Speech made by H.E. Ato Ketema Yifru at the opening of the Preparatory Conference of Foreign Ministers. May 15, 1963.

Distinguished Foreign Ministers, ladies and Gentlemen,

I am deeply sensible to the honor you have shown to me in electing me as Chairman of this conference, and I assure you that I shall do everything possible to justify this honor and the confidence that underlies it. 

We all know what it is that has brought us here together: the quest for African Unity and the search for solutions to the problems, which travail the continent today. It would be inappropriate for me, at this time, to touch in detail upon the measures which not only Ethiopia but, I think, all of us basically agree can and should be taken to these ends. The African States find themselves today, as regards the issue of African Unity, with wide areas of common agreement among them. In our work here we should concentrate on these. 

Africa is facing great responsibilities and great challenges. But at the same time, never before has the opportunity been so great to reach agreement on matters of common interest and to translate these agreements into reality. The time before us is short and should not be wasted in idle discussion of matters, which will not make a real contribution to the achievement of the unity of Africa and the solutions of our problems. We have not come here in an attempt to solve all our problems, nor all the problems of the world.
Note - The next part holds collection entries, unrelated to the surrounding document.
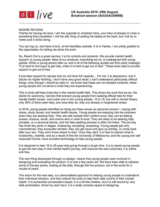 Thanks for having me here, I am the opposite to Jonathan story, your face of already in crisis is something that (inaudible). I did the silly thing of putting the laptop at the back, but I will try to make sure it clicks along. You can log on, and have a look, at the NextStep website. It is in Feeder, I am pretty grateful to the organisation for letting me show the work. So, Reach Out is a great service, it is for schools and students. We provide mental health support, to young people. Most of our products, everything we do, is codesigned with young people. When a young person tells us, and a lot of the following quotes are from early codesign: "It is hard to find ways to get help, when it is hard to get out of bed." These tools help to provide support to get out of bed. It provides support for people who do not have full capacity... For me, it is depression, and it blocks my higher thinking, I don't have very good recall, I can't understand particularly difficult things, even though I should be able to", we know that these are not isolated incidents, these young people are not alone in what they are experiencing. This is what self-help looks like in the mental health field. This drives the work that we do, the desire for autonomy, barriers that prevent young people from seeking official help for their mental health issues. Just under one in four young people, 15 to 19, live with a mental illness, only 30% of them seek help, and once they do, they are already in heightened stress. In 2018, young people identified as being top three issues as personal concern - coping with stress, study issues, and mental health issues. Young people are stepping into the unknown when they are seeking help. They are well outside their comfort zone, they can be feeling scared, anxious, alone, and unsure who or what to trust. They are likely to be seeking help privately, on a personal device, and the help seeking process is often not linear. The journey has three key parts or stages. Assessing, accepting, accessing. Young people get very overwhelmed, they encounter barriers, they can get stuck and give up entirely, or come back after your two. They don't know where to start. Once they start, it is hard to discern what is trustworthy, credible, and as a result of this the University of Melbourne, and the young and well corporate Centre, have provided technology to help young people. It is designed to help 18 to 25-year-olds going through a tough time. It is to assist young people to get the next step in that mental health journey, and improve the next outcomes, it is online and free. The next thing developed through co-design, means that young people were involved in designing and evaluating the product. It is now a few years old. We have been able to address some of the key points, looking at the data, through the live product, out in the world for a couple of years. The vision for the next step, is a personalised approach to helping young people to understand their individual situation, and then extend the tools to help them take control of their mental health. It is somewhat conversation based. It is a bit like chatbox, but it is still bound by very safe parameters, driven by user input, it is a really complex space to designing.
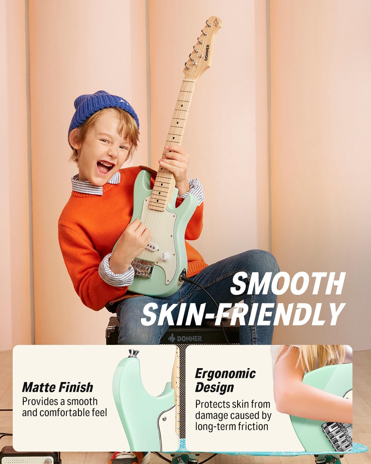 - 【Protect Skin with Exquisite Craftsmanship】: The mini electric guitar's ergonomic design protects skin from damage caused by long-term friction against the inner forearm. The matte lacquer surface helps reduce friction allowing children to play all day without discomfort
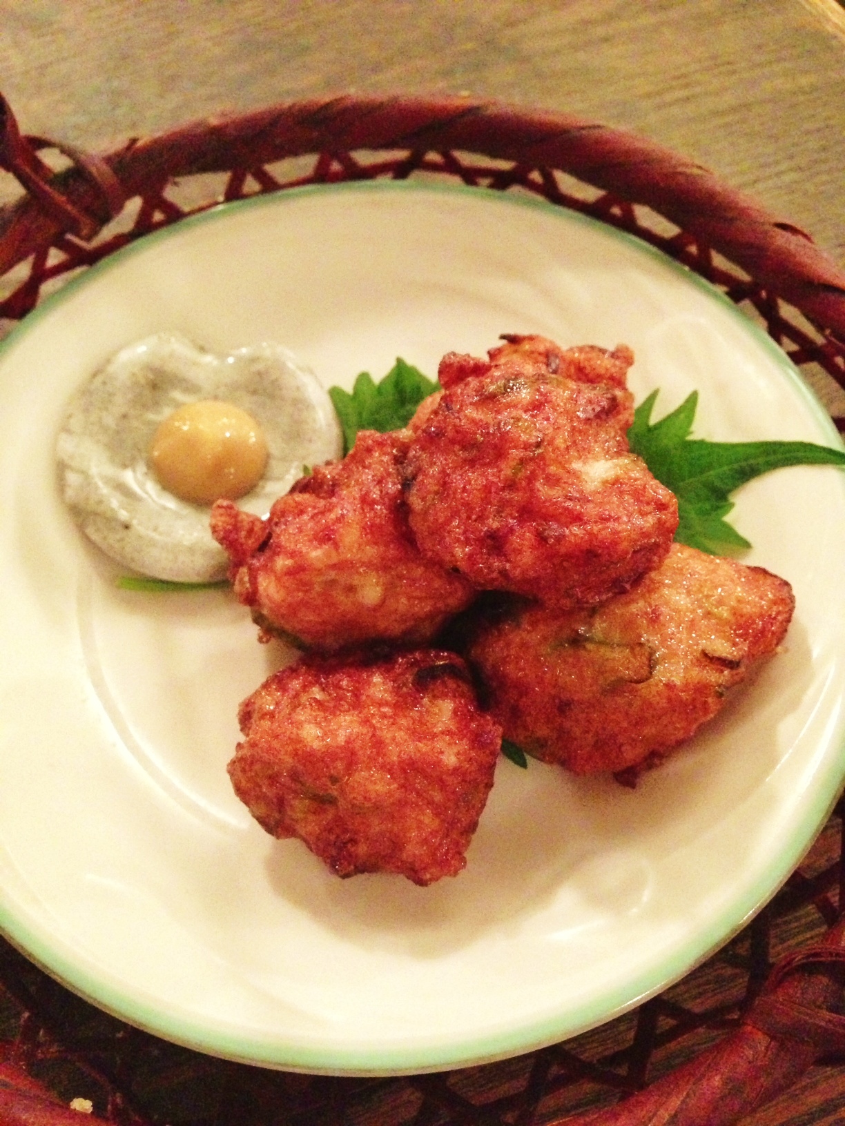 なにを隠そう、店長ミヤザキは練り物好き。なかでも、さつま揚げは特に好きかもしれない!というコトで、イカをさつま揚げ風の揚げだんごにして見ました。ネギがゴロゴロ入っているのがポイント。辛子醤油で召し上がれ‼(麻)
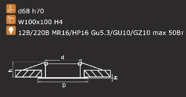 Диаметр врезного отверстия, мм: 68
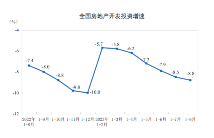 前8个月房地产开发投资同比下降8.8%,住宅待售面积增长19.9%
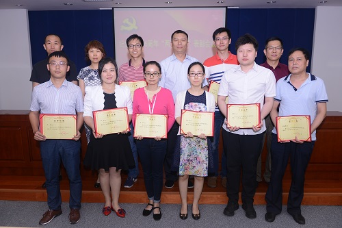 尹丽波宣读了中心关于表彰先进党支部、优秀共产党员和优秀党务工作者的决定。2016-2017年,经支部推荐,党支部书记初评,党委会审议,第二、第八、第十一党支部获选优秀党支部荣誉称号,张芳芳等20名党员获选优秀共产党员,毛超等9名党员获选优秀党务工作者。会议号召,全体党员要积极向先进学习,见贤思齐,激发自己干事创业的内生动力;受到表彰的集体和个人要再接再厉,不断创新,为打造中心核心竞争力做出新的更大贡献。中心党政领导班子成员为获表彰人员颁发了荣誉证书,并合影留念。
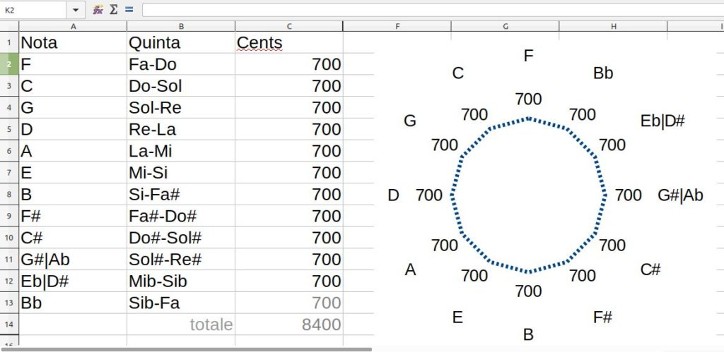 Nella terza colonna sono le ampiezze dell’intervallo di quinta misurate in cents (1 cent equivale a 1/1200 dell’ottava). Nell’ultima riga compare la somma totale delle 12 quinte, che dovranno disporsi sull’intera circonferenza. Nel sistema equabile tale somma è pari a 8400 cents, perché la pila delle 12 quinte si estende per sette ottave (1200×7). Se l’ottava deve essere pura e suddivisa in 12 note, allora una volta stabilite le 11 quinte ascendenti da Fa a Si♭, la dodicesima quinta rimasta, Si♭-Fa, è determinata automaticamente. Ecco perché il valore di questo intervallo è calcolato dal programma senza possibilità di modifica.
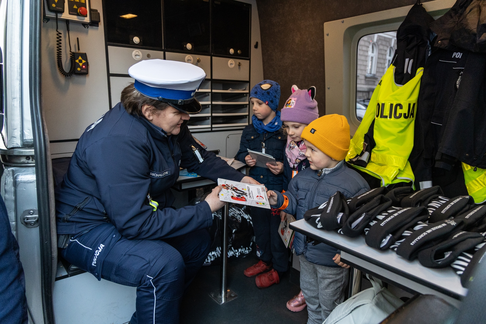 Akcja nie bez kozery odbyła się przy jednym z najbardziej uczęszczanych przejść dla pieszych w centrum miasta – mianowicie na pasach łączących plac Ratuszowy z ulicą Ratuszową. Na placu rozłożyło się miasteczko służb, do którego mógł zajrzeć każdy przechodzień. WORD rozdawał elementy odblaskowe i odblaskowe czapki, a także zachęcał do skorzystania z symulatora dachowania, w którym można było się przekonać, jak bardzo ważne jest zapinanie pasów podczas jazdy. Z ich Wordusiem - czyli maskotką instytucji - można było sobie zrobić zdjęcie albo zatańczyć. Funkcjonariusze policji pokazywali od środka swój wóz, który na co dzień obsługuje wypadki drogowe, a chętnym zakładali alkogogle, symulujące efekty upojenia alkoholem. Swoje pojazdy na placu mieli również ratownicy medyczni i strażacy-ochotnicy z OSP Stare Bielsko. Wszystkiego można było dotknąć, o wszystko zapytać.

If we can solve even a portion of Africa's problems, this Conference and that to follow it will have been productive indeed. If we permit ourselves to become embroiled in argument on questions, which do not relate directly and specifically to the central issue of African Unity, the time at our disposal will slip past. 

It is essential that in the days ahead we are guided by the fundamental principles of the cause of African Unity. We can agree on positive steps. Let us do so. Each step takes us just that much nearer our goal and makes the next step just that much easier to take. Our views are identical on many questions. Our opinions are unanimous on many matters. The areas in which African States can decide today to cooperate their activities include virtually every aspect of national and international life. If we begin from these premises and work together in good will, Africa will prove not only that ultimate union is possible, but also that we are more than worthy of the independence which we enjoy and the increasingly important role which we are playing in world affairs.

I thank you again for the great honor, which you have bestowed on me.